2012 ist gerade die erste Platte erschienen. Drei Jahre später ist jetzt die zweite auf den Markt gekommen. Wir waren aber schon 2012 eigentlich zu viert unterwegs. Ein fünftes Bandmitglied kam im Laufe der Zeit noch dazu. Das war ein Keyboarder, weil wir die Musik ziemlich diversifiziert haben. Ich wollte Mo Blanc bewusst in diese Bahnen leiten, damit das Ganze etwas mehr Substanz bekommt und «bandiger» wird.
Hat dieser Prozess für dich funktioniert? Denn angefangen hast du ja ganz alleine.
Genau. Mo Blanc war anfangs mehr ein Sideproject. Ich hatte daneben noch eine Rockband, bereits zusammen mit unserem Gitarristen Daniel. Zuerst wollte ich die etwas stilleren Songs für mich alleine spielen. Wir hatten damals aber einfach auch das Gefühl, dass es musikalisch noch etwas mehr bräuchte. Wir wollten zuerst jemanden, der Rhythmik macht, daraus wurde dann das Schlagzeug und von da war es nicht weit zu einem Bass. Schliesslich kam noch der Keyboarder dazu und jetzt ist Mo Blanc wirklich eine Band, in der wir die Songs zusammen entwickeln und uns zurückziehen, um daran zu arbeiten. Ich bin jetzt nicht mehr der Einzige, der schreibt.
Beim Stichwort «zurückziehen»: Ich habe gelesen, dass ihr eine Zeit lang in den Alpen wart, um euch als Band zu finden. Wie hat das funktioniert?

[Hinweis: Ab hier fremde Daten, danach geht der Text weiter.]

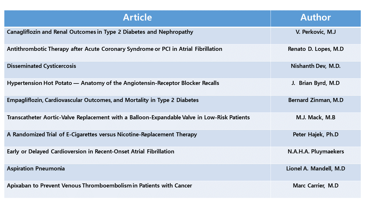 [µ¥Àϸ®¸Þµð ¹ÚÁ¤¿¬ ±âÀÚ] ¼¼°è ÃÖ°í ±ÇÀ§ ÀÇÇÐÀú³ÎÀÎ ´ºÀ×±Û·£Àú³Î¿Àºê¸Þµð½¼(NEJM, New England journal of medicine)Àº µ¿½Ã±â ÀÇÇÐ°è ¿¬±¸ Áß¿¡¼µµ ¼Õ ²ÅÈ÷´Â ¿¬±¸ °á°úµé¸¸ ¼Ò°³µÈ´Ù. NEJMÀº ±¹Á¦ ÀÇÇÐ°è µ¿Çâ ¹× È帧À» »ìÇÊ ¼ö ÀÖ´Â ÁöÇ¥À̱⵵ ÇÏ´Ù. NEJMÀº ÃÖ±Ù 2019³â »ó¹Ý±â(1¿ù~7¿ù) °¡Àå ¸¹ÀÌ ÀÐÈù ¾ÆÆ¼Å¬ »óÀ§ 10°³¸¦ °ø°³Çß´Ù. ´Ù¾çÇÑ ºÐ¾ßÀÇ ¿¬±¸ °á°ú¹°ÀÌ °ñ°í·ç °ü½ÉÀ» ¹ÞÀº °¡¿îµ¥¼µµ ÃÖ±Ù »çȸÀûÀ¸·Î À̽´°¡ µÈ »ç¾ÈÀÌ Æ¯È÷ ³ôÀº °ü½ÉÀ» ¹Þ¾Ò´Ù. ½ÉÀå ¿¬°ü ³í¹®ÀÌ 5°³·Î °¡Àå ¸¹¾Ò°í Á¦2Çü ´ç´¢º´ °ü·Ã ÁÖ¿ä Ä¡·áÁ¦ÀÎ SGLT-2¿¡ ´ëÇÑ ¾ÆÆ¼Å¬ÀÌ »óÀ§ 10°³ Áß 2°³¿¡ À̸§À» ¿Ã·È´Ù. ¶Ç ÀüÀÚ´ã¹è¿¡ ´ëÇÑ »çȸÀû °ü½É°ú ¼ÒºñÇö»óÀ» ¹Ý¿µÇÏµí °ü·Ã ¾ÆÆ¼Å¬µµ ÁÖ¸ñÀ» ¹Þ¾Ò´Ù. ÀǾà°è¿¡¼ Å« ³í¶õÀ» ÀÏÀ¸Å² °íÇ÷¾Ð ¼ººÐ ¹ß»ç¸£ÅºÀÇ ¹ß¾Ï¹°Áú °ü·Ã ¿¬±¸¿¡µµ À̸ñÀÌ ÁýÁߵƴÙ. Áø·á°ú¸ñº°·Î »ìÆìº¸¸é ¼øÈ¯±â³»°ú(5°Ç) °ü·Ã ¿¬±¸ °á°ú°¡ °¡Àå ¸¹ÀÌ ÀÐÇû´Ù. ÀÌ¾î ³»ºÐºñ³»°ú(2°Ç), ¼Òȱ⳻°ú(1°Ç), È£Èí±â³»°ú(2°Ç), °¨¿°³»°ú(1°Ç) ¼øÀ¸·Î ³ªÅ¸³µ´Ù. ÀÇÇÐ°è ¿¬±¸ÀÇ ÁÖ·ù¸¦ Çü¼ºÇϰí ÀÖ´Â ¹Ì±¹ÀÌ ½ÉÀåÁúȯ¿¡ ´ëÇØ ³ôÀº °ü½ÉÀ» °®°í Àֱ⠶§¹®À¸·Î Ç®À̵ȴÙ. ±¹°¡º°·Î »ìÆìº¸¸é ¹Ì±¹ ¿¬±¸ÆÀ(4ÆÀ)ÀÌ ´Ù¼ö Æ÷ÁøÇß´Ù. À̾î ij³ª´Ù(2ÆÀ), È£ÁÖ(1ÆÀ), ³×´ú¶õµå(1ÆÀ), ¿µ±¹(1ÆÀ), Àεµ(1ÆÀ)ÀÇ ¿¬±¸ÁøµéÀÌ °ü½Éµµ ³ôÀº °á°ú¹°À» ³»³ù´Ù. ±âÃÊ¿¬±¸º¸´Ù´Â Àӻ󿬱¸¿¡ ÁßÁ¡À» µÎ´Â NEJM Ư¼º Å¿ÀÎÁö ¾Æ½±°Ôµµ Çѱ¹ ÀÇ·áÁøµéÀÌ ³»³õÀº ¿¬±¸ °á°ú´Â °¡Àå ¸¹ÀÌ ÀÐÈù ¾ÆÆ¼Å¬ ¸í´Ü¿¡ À̸§À» ¿Ã¸®Áö ¸øÇß´Ù. ±¹Á¦ ÀÇ·á°è È帧À» ¿³º¼ ¼ö ÀÖ´Â '»ó¹Ý±â NEJM¿¡¼ °¡Àå ¸¹Àº Á¶È¸¼ö¸¦ ±â·ÏÇÑ 10°³ ¾ÆÆ¼Å¬À» ºÐ¼®ÇغôÙ. ³ª¿µÈ ¾ÆÆ¼Å¬Àº °¡Àå ¸¹ÀÌ ÀÐÈù ¼øÀ§¿Í´Â ¹«°üÇÏ´Ù.

Wir machen das immer wieder. Aber da sind wir sicher nicht die einzige Band. Es gibt beispielsweise einen Ort bei Engelberg, der Grünenwald heisst. Dort ist es ideal, weil man die Infrastruktur hat. Es gibt ein Haus mit sehr vielen Zimmern und einen grossen Raum, in dem wir gemeinsam spielen können. So kann man sich tagelang zurückziehen, hat das Haus für sich und kann Musik machen, so lange man will. Ein anderes Mal waren wir in Seelisberg. Dabei ist die Atmosphäre immer sehr eindrucksvoll und gerade, wenn man im Prozess drin ist und neue Sachen entwickeln möchte, ist das sehr inspirierend.
Seid ihr eine Band, die ständig an der Musik tüftelt und experimentiert?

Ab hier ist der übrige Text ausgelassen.